▶ WORK ORDER
All the entries need to be quoted exactly, apart from the pictures, which you should drop.

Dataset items
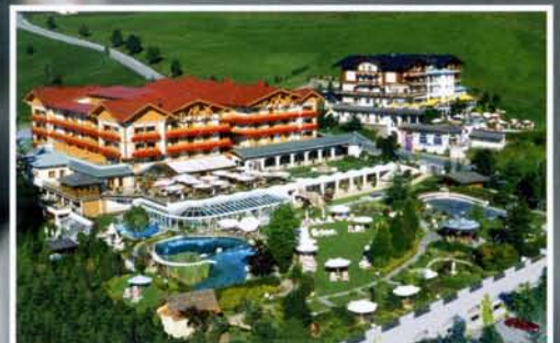
Oberforsthof – Urlaub auf höchster Ebene.
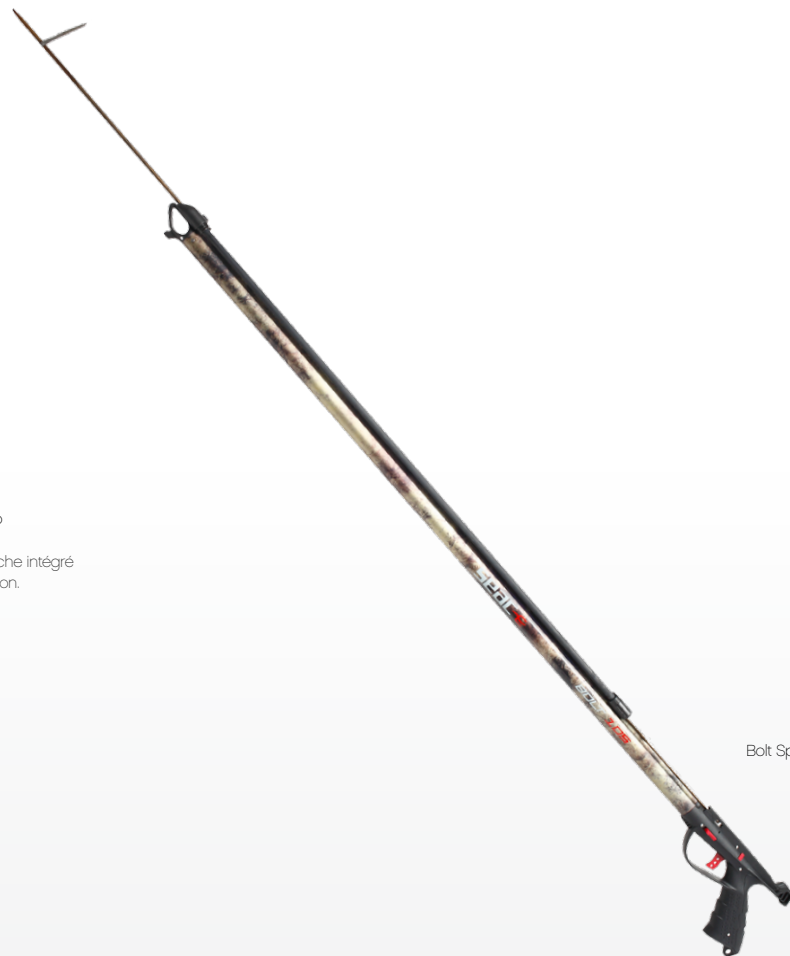
Bolt Special Combat

Canna: canna in lega di Alluminio con sella guida-asta integrato e trattamento mimetico ottenuto per sublimazione.
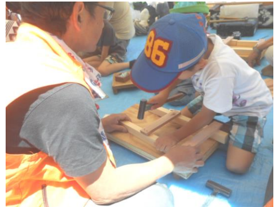
人気コーナーの大工体験 椅子作り

6月4日(日)、小平盛り上げでも市民広場にて第40回住宅デーが盛大に開催されました。この日は一年に一度、建設職人が地元の方々にアピールする日です。支部の間が集まって、会場はお祭りのような雰囲気。恒例となったジャズバンドの演奏と小学生によるよさこい踊りは、どちらも迫力あるステージで住宅デーを盛り上げています。一日楽しめるイベントです。
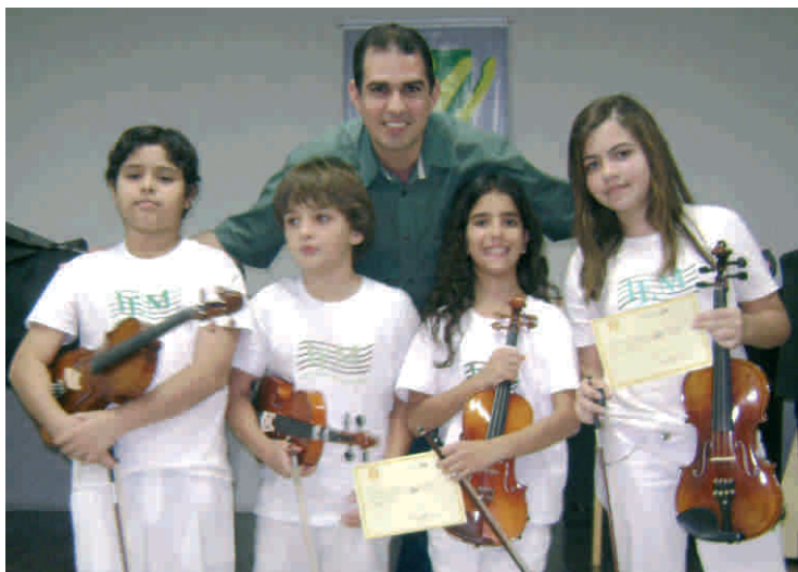
Professor e alunos após apresentação no IEM.
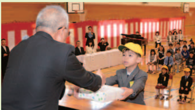
町防犯協会から防犯ブザーが新入生に贈られた
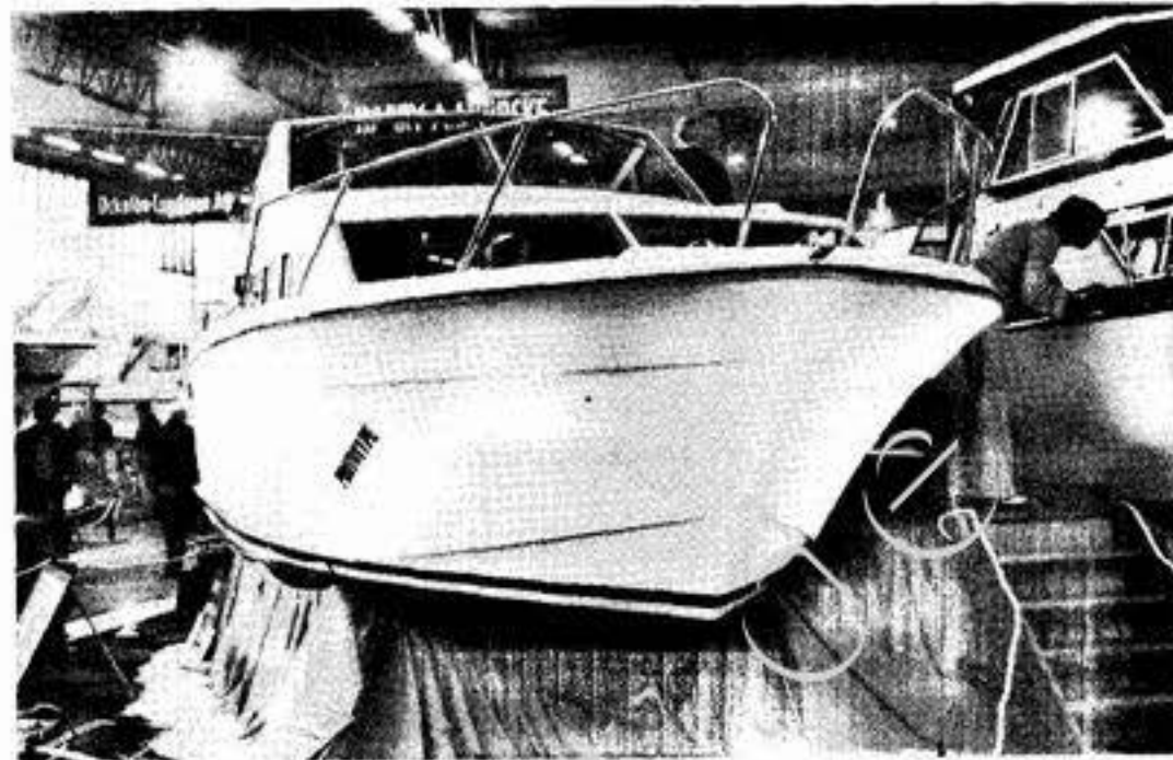
Adler 31: Perfekteste Type unter den Ausstellungsprotos.

Kanal, nach Helgoland oder fürs Ostseerevier.
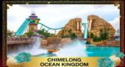
CHIMELONG OCEAN KINGDOM
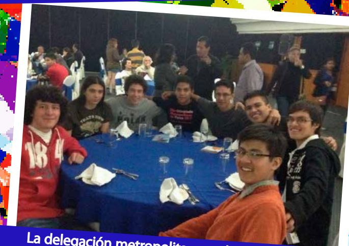
La delegación metropolitana en la xxv Olimpiada Nacional de Física

En los jóvenes está el futuro de la ciencia, y en éste, el progreso humano. Asistir a un ejercicio como la xxv Olimpiada Nacional de Física no me podría hacer menos que reflexionar ante la veracidad de dicha expresión. Cien jóvenes reunidos, todos extraordinarios en su campo, todos dispuestos en un ejercicio académico para el conocimiento de la física.
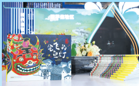
根据绘本开发“点亮鱼灯 看见徽州”研学活动
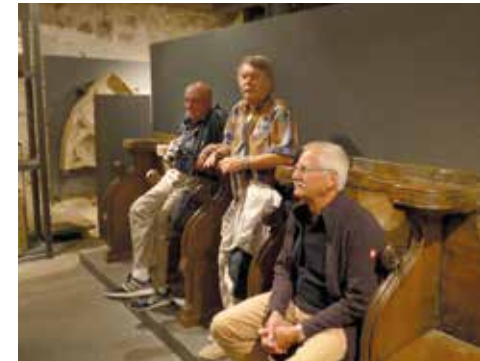
Im Museum der Ruine

Bis zum Mittagessen hatten wir noch Zeit und unsere Reiseleitung hatte für den Vormittag noch etwas vorbereitet. Unser Bus stand zu einer Besichtigungsfahrt bereit. Die Koffer konnten wir in unserem Zimmer lassen. Das Wetter war nicht so schön wie am Vortag aber das störte uns wenig. Das Ziel war der Ravensberg. Er ist 650 Meter hoch und ermöglicht einen herrlichen Rundblick.
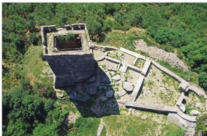
Вршачка кула, XV в.

?????? ?? ?????????? ?. ?? ?????????????? ?????????? ?????????????????????? ??????????, ?????????? ?????????? ?????? ?? ????? ?????????? ??????? ?????????? ??? ?????????? ??????? ??? ??????. ?????????? ?????????????? ?????????? ? ?????????????? 1552. ?????????????? ?? ?????? ? ??????? ?????????????????? ??????. ??????? ?????????? ?????????? (1716) ? ?????????? ?. ?????????? '?????? ?????????? ?????????????? 1718. ?????????????????? ' ?? ?????????? ? ?????????? ??? ?????????.
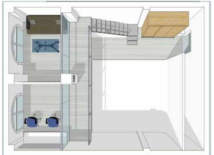
Studio A 二层立面图
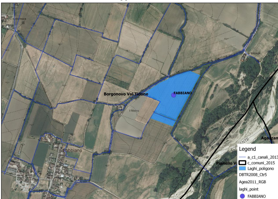
Inquadramento geografico dell'opera nel GIS del Consorzio di Bonifica di Piacenza
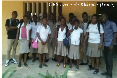
GBS Lycée de Klikamé (Lomé)
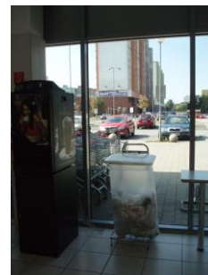
BILLA Muchovo námestie
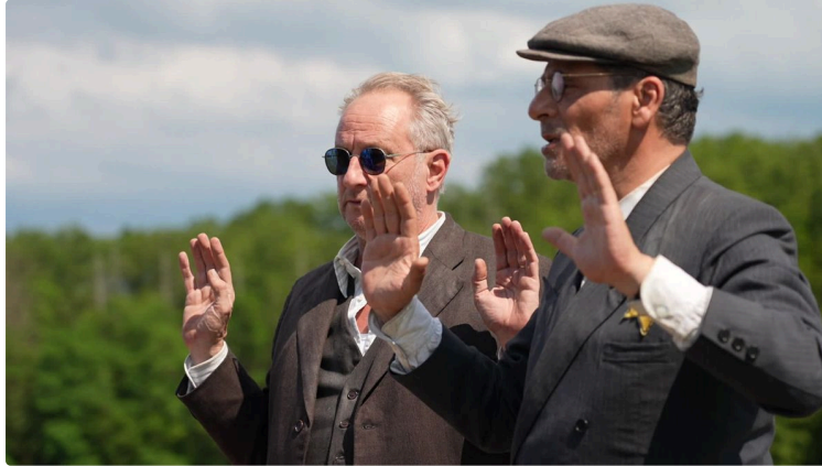
Cinequanon : animation, thriller et drames au programme de la semaine

Cette semaine, des films d'animation, un thriller et des drames émouvants.
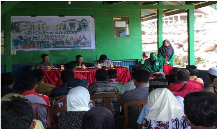
Gambar 2 : Pembacaan do'a pada acara pembukaan Seminar Desa

▶ COMPLETED EXERCISE
Oberforsthof – Urlaub auf höchster Ebene.
Bolt Special Combat

Canna: canna in lega di Alluminio con sella guida-asta integrato e trattamento mimetico ottenuto per sublimazione.
人気コーナーの大工体験 椅子作り

6月4日(日)、小平盛り上げでも市民広場にて第40回住宅デーが盛大に開催されました。この日は一年に一度、建設職人が地元の方々にアピールする日です。支部の間が集まって、会場はお祭りのような雰囲気。恒例となったジャズバンドの演奏と小学生によるよさこい踊りは、どちらも迫力あるステージで住宅デーを盛り上げています。一日楽しめるイベントです。
Professor e alunos após apresentação no IEM.
町防犯協会から防犯ブザーが新入生に贈られた
Adler 31: Perfekteste Type unter den Ausstellungsprotos.

Kanal, nach Helgoland oder fürs Ostseerevier.
CHIMELONG OCEAN KINGDOM
La delegación metropolitana en la xxv Olimpiada Nacional de Física

En los jóvenes está el futuro de la ciencia, y en éste, el progreso humano. Asistir a un ejercicio como la xxv Olimpiada Nacional de Física no me podría hacer menos que reflexionar ante la veracidad de dicha expresión. Cien jóvenes reunidos, todos extraordinarios en su campo, todos dispuestos en un ejercicio académico para el conocimiento de la física.
根据绘本开发“点亮鱼灯 看见徽州”研学活动
Im Museum der Ruine

Bis zum Mittagessen hatten wir noch Zeit und unsere Reiseleitung hatte für den Vormittag noch etwas vorbereitet. Unser Bus stand zu einer Besichtigungsfahrt bereit. Die Koffer konnten wir in unserem Zimmer lassen. Das Wetter war nicht so schön wie am Vortag aber das störte uns wenig. Das Ziel war der Ravensberg. Er ist 650 Meter hoch und ermöglicht einen herrlichen Rundblick.
Вршачка кула, XV в.

?????? ?? ?????????? ?. ?? ?????????????? ?????????? ?????????????????????? ??????????, ?????????? ?????????? ?????? ?? ????? ?????????? ??????? ?????????? ??? ?????????? ??????? ??? ??????. ?????????? ?????????????? ?????????? ? ?????????????? 1552. ?????????????? ?? ?????? ? ??????? ?????????????????? ??????. ??????? ?????????? ?????????? (1716) ? ?????????? ?. ?????????? '?????? ?????????? ?????????????? 1718. ?????????????????? ' ?? ?????????? ? ?????????? ??? ?????????.
Studio A 二层立面图
Inquadramento geografico dell'opera nel GIS del Consorzio di Bonifica di Piacenza
GBS Lycée de Klikamé (Lomé)
BILLA Muchovo námestie
Cinequanon : animation, thriller et drames au programme de la semaine

Cette semaine, des films d'animation, un thriller et des drames émouvants.
Gambar 2 : Pembacaan do'a pada acara pembukaan Seminar Desa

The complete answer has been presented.